At-home smear testing kits could be available across Scotland within five years, experts believe.
Cervical cancer is the most common type of the disease among women under 35 and claims two lives every day in the UK.
A successful trial in Dumfries and Galloway saw DIY tests sent to women who failed to turn up for their smear appointments.
Survivors and researchers hope a wider rollout will happen soon to increase the number of women being tested early.
Mum-of-three Emma Keyes was diagnosed with cervical cancer in July last year and immediately feared she was going to die.
“I got a phone call from the receptionist asking if I could see the doctor the next day, and if I could bring someone with me,” she said.
“At that point I knew I was going to be told that I had cancer. I just screamed out ‘help me’.
“You think you’re invincible.
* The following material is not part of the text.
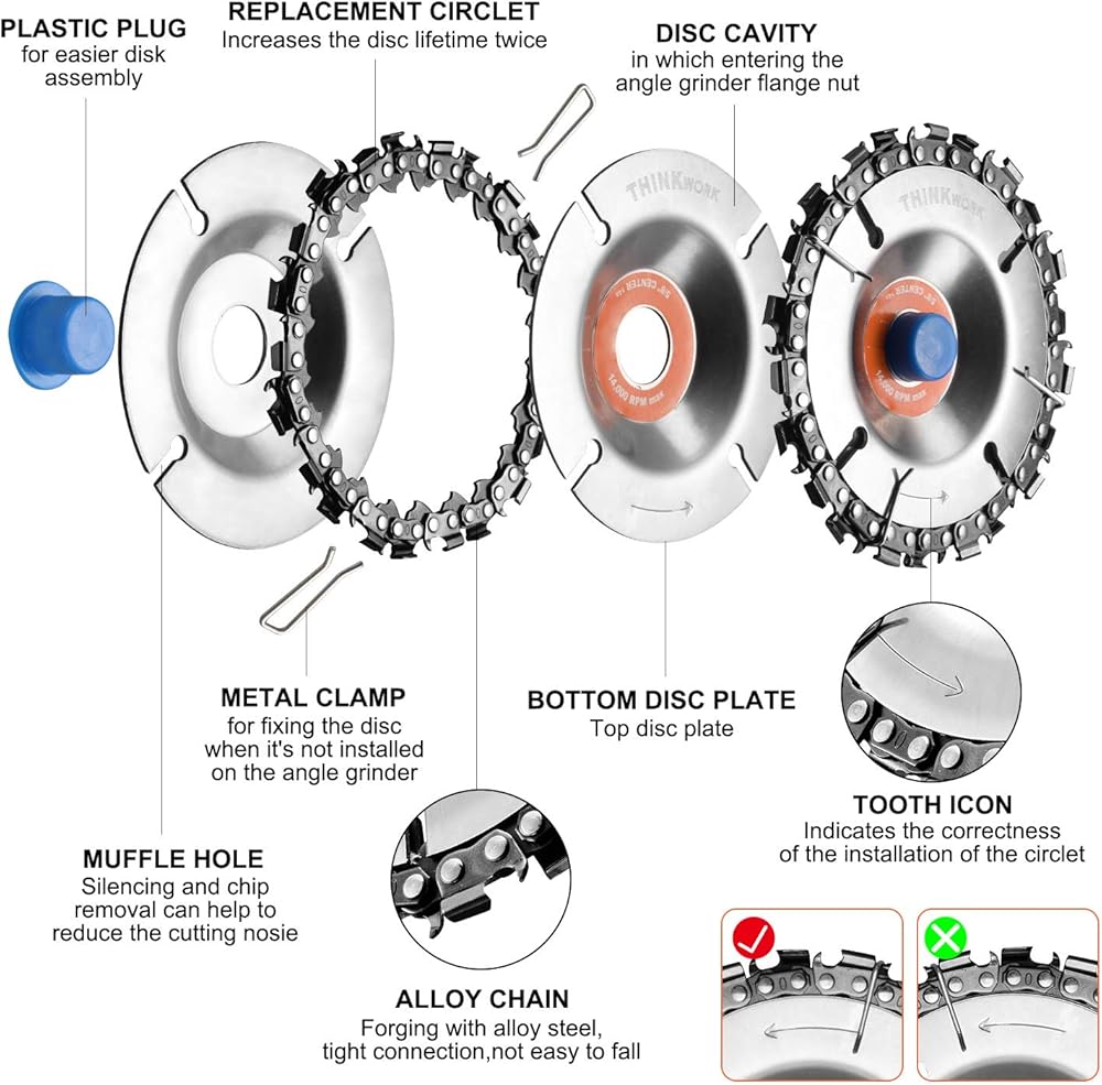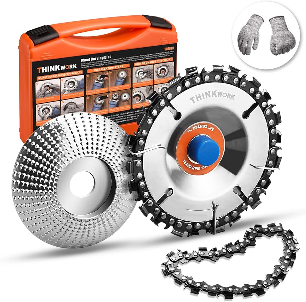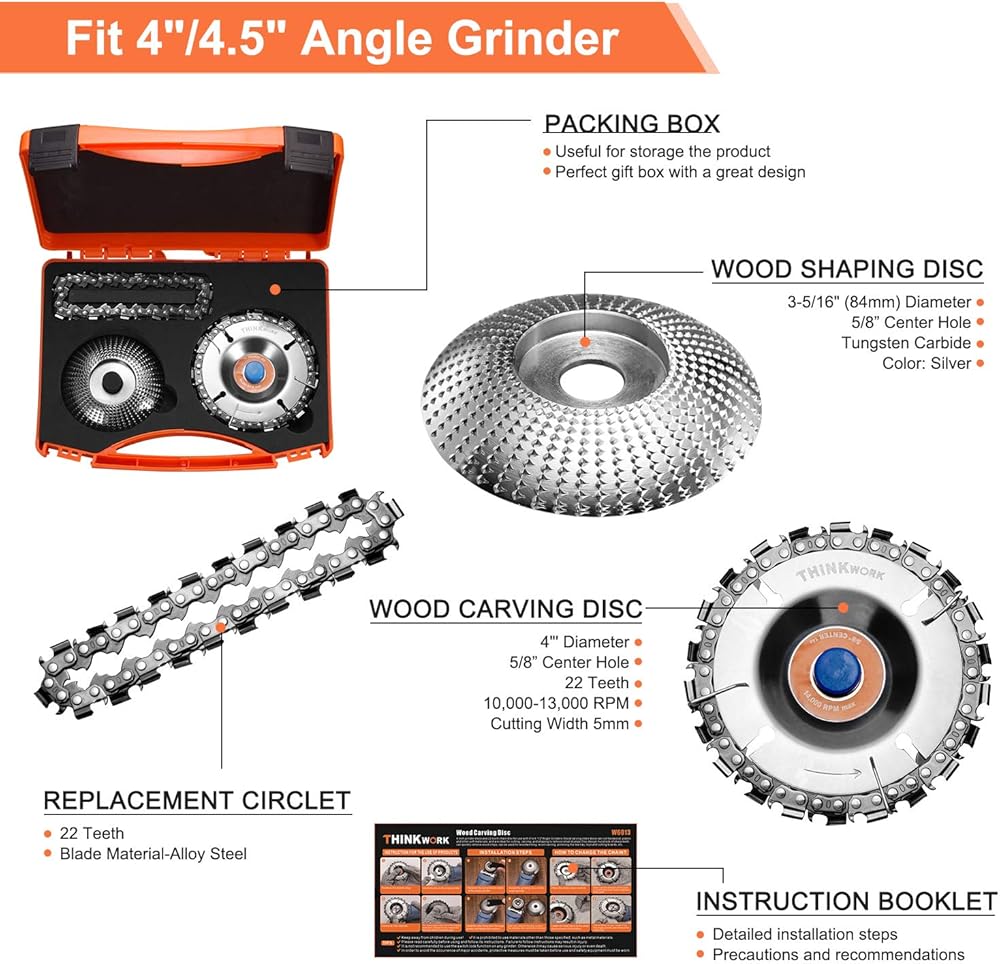 【استخدام واسع】أقراص سلسلة نحت الخشب من Thinkwork وأقراص تشكيل عجلة الطحن مناسبة للمواد غير المعدنية، ومناسبة لأي خشب، وتقطع كل شيء من الخشب الصلب والبلاستيك والمواد الناعمة الأخرى، دون القلق بشأن الأماكن الصلبة مثل الصدمات الخشبية. مثالية لقطع ونحت وإزالة جذوع الأشجار الصغيرة. مقاومة جيدة للتآكل، يمكن أن تخدمك لفترة طويلة.

You’re young, cancer doesn’t happen to someone who’s 29 with three kids, but it does.”
Three surgeries later, she has the all-clear and is now campaigning for a nationwide rollout of home-testing kits.
“Getting a test went to the bottom of my list, there were things I prioritised over that, because it’s difficult to get the children watched and because I’m working.
“Having a test posted through my door and being able to send that off would have been so much more convenient.”
‘Could be sooner’
Smear tests are currently carried out by a nurse to check for Human Papilloma Virus (HPV), which causes 99% of cervical cancers.
Experts believe there will be many benefits to allowing more women to carry out their tests at home.
Professor Maggie Cruickshank, from the Aberdeen Centre for Women’s Health Research, expects at-home testing to be taking place widely within five years.
“It could be sooner than that,” she said. “The benefits are you wouldn’t need to take time off work or sort out childcare.
“And for women who find the intimate examination of having a smear test taken very difficult, painful or distressing, you can overcome those barriers to screening.
“The most important thing is that women have the test done, and if we can find a way of making that easier for women, then that is good news.”
Smear tests are currently offered to 25-64 year-olds every five years.
It used to be every three years, until a new, more sensitive test was developed that can detect the virus earlier.
Public health minister Maree Todd said: “Cervical cancer, unlike some other cancers, is quite slow moving. From initial cell changes to developing cancer, it can take around ten years.
“Testing provides a more individualised response, so if people are found to be HPV positive they will be called back for further investigation sooner than five years.”